Disclosure of Invention
In view of the above defects in the prior art, the technical problem to be solved by the present invention is to classify users according to the acquisition of the burial point information of the users, so as to provide different services for different users, and improve the experience of the customers.
In order to achieve the above object, the present invention provides a classification method of embedded point information, comprising the following steps;
s10, acquiring the buried point information of the user;
s20, the embedded point information is immediately sent to a log record;
s30, the information of the same user is accumulated, and the customers are classified according to the information of the customer' S embedded points.
Further, the S30 further includes;
s310, the single-user APP is used for more than 15 minutes once, or enters a specific page for more than 15 times, or a certain button is clicked for more than 15 times, and the user is marked as a class A user;
s320, the single-user APP is used for more than 10 minutes once, or enters a specific page for more than 10 times, or clicks a certain button for more than 10 times, and the user is marked as a B-class user;
s330, the single-user APP is used for more than 5 minutes once, or enters a specific page for more than 5 times, or clicks a certain button for more than 5 times, and the user is marked as a B-class user;
s340, the single-user APP is used for less than 5 minutes once, the specific page is entered for less than 5 times, a certain button is clicked for less than 5 times, and the user marks the page as a B-class user.
Further, the log records include normal logs, abnormal logs, buried point logs and crash records.
Further, the normal log is sent, whether the maximum configuration byte is exceeded is checked, and if not, new log information is added to the file; if the value exceeds the preset value, the message is sent in time.

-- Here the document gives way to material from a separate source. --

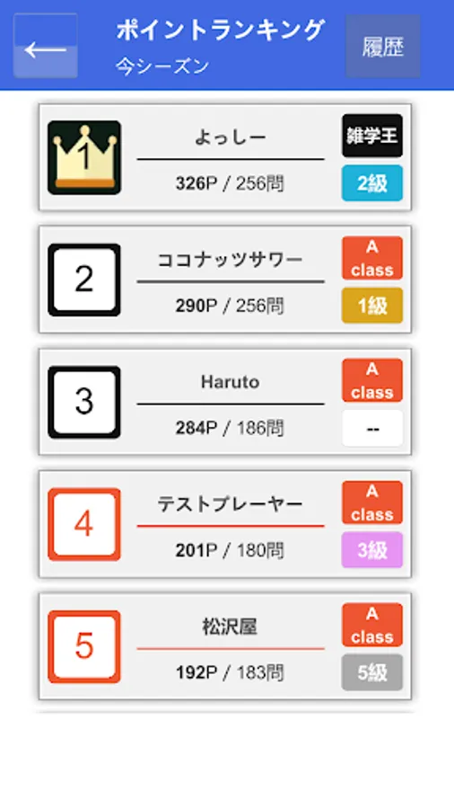 You can freely solve any number of quizzes by difficulty level, and the points earned there will be reflected in the ranking to determine the ranking. Let's aim to be the "Miscellaneous King" who is ranked first.

Further, the embedded point log and the abnormal log are immediately sent; the crash record and the normal log are stored in a file form, and the transmission is delayed.
Further, the log records sent immediately are executed by one thread at one time so as to deal with high concurrency; and the log files sent in a delayed mode are executed in the same thread.
Further, the priority of the immediate transmission is higher than that of the delayed transmission, and the immediate transmission needs to be sent to the server log processing center in time, and the immediate transmission is discarded if the transmission fails.
Further, the sending operation is executed asynchronously, and the normal operation of the main thread is not influenced.
The method classifies the users through the acquisition of the embedded point information of the users, provides different services for different users, and accordingly improves the experience of the users.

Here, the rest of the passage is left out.